Breaking Language Barriers in Visual Language Models via Multilingual Textual Regularization (2503.22577v2)

Published 28 Mar 2025 in cs.CV and cs.AI

Abstract: Rapid advancements in Visual LLMs (VLMs) have transformed multimodal understanding but are often constrained by generating English responses regardless of the input language. This phenomenon has been termed as Image-induced Fidelity Loss (IFL) and stems from limited multimodal multilingual training data. To address this, we propose a continuous multilingual integration strategy that injects text-only multilingual data during visual instruction tuning, preserving the LLM's original multilingual capabilities. Extensive evaluations demonstrate that our approach significantly improves linguistic fidelity across languages without degradation in visual performance. We also explore model merging, which improves language fidelity but comes at the cost of visual performance. In contrast, our core method achieves robust multilingual alignment without trade-offs, offering a scalable and effective path to mitigating IFL for global VLM adoption.

Collections

Summary

The paper demonstrates integrating multilingual text during visual instruction tuning to reduce English bias and enhance multilingual capacity in VLMs.
It employs three strategies (TR-1S, TR-2S, TR-3S) to effectively integrate multilingual data without compromising visual performance.
Results show that TR-3S models achieve superior language fidelity across 35 European languages, though challenges remain for unseen languages.

Breaking Language Barriers in Visual LLMs via Multilingual Textual Regularization

Introduction

The proliferation of Visual LLMs (VLMs) has revolutionized multimodal understanding, but these models are often restricted by their preference to generate English responses. This constraint arises due to the lack of multimodal multilingual data, termed Image-induced Fidelity Loss (IFL). The paper proposes integrating multilingual text-only data during visual instruction tuning to preserve multilingual capacity in VLMs without compromising visual understanding.

Methodology

The core strategy involves augmenting VLM training with multilingual textual data during different stages of visual instruction tuning. This process aims to maintain the original multilingual capabilities of the LLM (LM) (Figure 1).

Figure 1: Language Fidelity (LF) accuracy on Crossmodal-3600. (BM: Base Model, TR: model trained with multilingual Textual Regularization, TR+M: TR and merging the final model with the original LLM Backbone)

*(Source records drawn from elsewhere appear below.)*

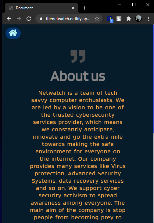 Greetings, We have named our Project as "Netwatch" which is basically a cyber security technology provider project. Aimed at empowering lives of people to fight against the greatest challenge of the digital age - cybercrime , by various means like spreading awareness through social media platforms to reach the masses and by providing customer oriented services.
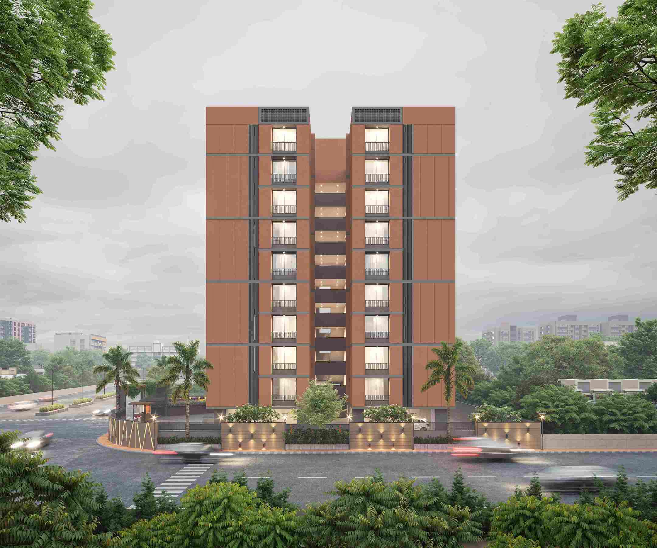 The site is located at Narangpura, Ahmedabad. With 36, 4 BHK. Luxurious apartments in the site area of 23040 sq. ft. The design revolves around the concept of horizontal and vertical axes which are reflected throughout the site. Amenities like a kid's play area, sitting space surrounded by landscape, and multi-purpose hall are provided.
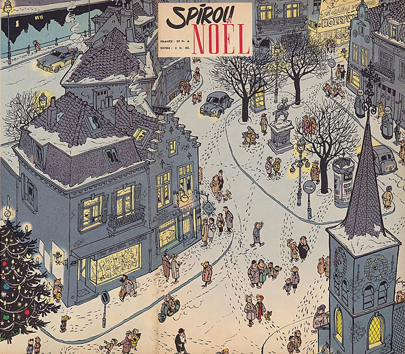 Mais au delà du noir et blanc, il n'est que de comparer dans les récits humoristiques du journal Spirou la façon de représenter le sol des chemins et des routes non bitumés. Les traits qui donnent leur consistance et leur relief à la terre (battue ou non). Vous y trouverez chez Peyo, Will, Franquin et plein d'autres, le même élément de vocabulaire graphique que chez Jijé.

To achieve robust textual integration, three distinct strategies were evaluated: integration across three stages (TR-3S), two stages (TR-2S), and a single stage (TR-1S), with participation across different languages captured in the training data mix. This approach enhances coverage and fidelity without reliance on large multilingual vision-language datasets.

Experimental Setup

The experimental setup employs a training framework marrying multimodal visual-language data with multilingual text-only instruction data. The baseline VLM architecture involves coupling a vision encoder with a multilingual LLM backbone. The datasets encompass a mix of general, detailed, and task-specific images, alongside multilingual text samples across 35 European languages (Figure 2).

Figure 2: Distribution of the multilingual text-only data used for Textual Regularization. Languages with a volume smaller than 3\% are grouped under Others, which collectively account for 5.5\% of the data.

Results and Discussion

The multilingual integration demonstrated a significant reduction in English bias across VLMs. Evaluation of LF accuracy showed that models utilizing TR-3S achieved superior multilingual competence without trade-offs in visual performance. Furthermore, experiments indicated the importance of strategically distributing multilingual text across several training phases.

Generalization Challenges

Despite improvements, generalization to languages not present in the training data remains a challenge. The limited performance for unseen languages underscores the necessity of explicit language inclusion during training.

Model Merging

In an effort to further enhance multilingual capacity, merging trained models with their original LLM backbones was explored, resulting in improved LF metrics. However, this approach introduces a trade-off, with some degradation observed in the model's ability to perform general visual-language tasks.

Figure 3: Interval Plot contrasting LF (upper bars) vs. LF+ (lower bars) across languages of our best-performing models.

Conclusion

The integration of multilingual text during visual instruction is a scalable and effective strategy to mitigate IFL in VLMs. These findings pave the way for more inclusive AI applications, though optimizations around model merging and data distribution are crucial for sustained performance enhancements.

Future Work

Future research should explore broader non-European language integrations, fine-tuned balancing in model merging, and improvements in language coverage. This ensures VLMs become usable across diverse linguistic landscapes, bridging the current limitations observed in language calls during evaluation.

This paper underscores the promise of multilingual textual regularization, offering potential pathways for VLMs to navigate and interact seamlessly with a linguistically diverse global audience. Additional attention to data fidelity and cultural nuance will further enhance these outcomes.